Affluenza al 56%, superiore alla precedente consultazione

Secondo la Commissione elettorale centrale russa, l’affluenza complessiva nei tre giorni di voto è stata del 56%. Il dato risulta superiore rispetto alla precedente elezione legislativa del 2021, quando la partecipazione si era fermata al 51,7%. La presidente della Commissione elettorale centrale, Ella Pamfilova, ha inoltre comunicato che le infrastrutture coinvolte nel processo elettorale sarebbero state oggetto di numerosi attacchi informatici. “Sono stati registrati più di mille attacchi Ddos contro le infrastrutture russe coinvolte nel processo elettorale”. Gli attacchi DDoS (Distributed Denial of Service) consistono nel sovraccaricare un sistema informatico attraverso un numero molto elevato di richieste simultanee, con l’obiettivo di renderlo temporaneamente difficile da utilizzare.

Mosca denuncia tentativi di interferenza: “segni di un’ingerenza ucraina”

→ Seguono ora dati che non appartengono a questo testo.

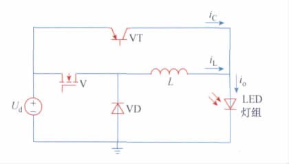 電路如圖1 所示。電路結(jié)構(gòu)以BUCK電路為主,取消電解電容濾波,用輔助線性電路對(duì)電感紋波電流進(jìn)行補(bǔ)償。圖中由開(kāi)關(guān)管V、電感L、LED 燈組、續(xù)流二極管VD 組成主電路; 晶體管VT 為輔助補(bǔ)償電路。

Secondo la Commissione elettorale centrale russa, gli attacchi informatici avrebbero avuto come obiettivo quello di disturbare il regolare svolgimento delle elezioni. Le autorità russe hanno inoltre collegato gli attacchi alle infrastrutture elettorali e alle telecomunicazioni a presunti tentativi di interferenza provenienti dall’esterno. Sempre secondo la Commissione, tali azioni presenterebbero: “tutti i segni di un’ingerenza ucraina”. Le accuse sono state formulate dalle autorità russe nel quadro delle tensioni legate al conflitto, mentre non vengono riportate nel comunicato eventuali repliche da parte ucraina.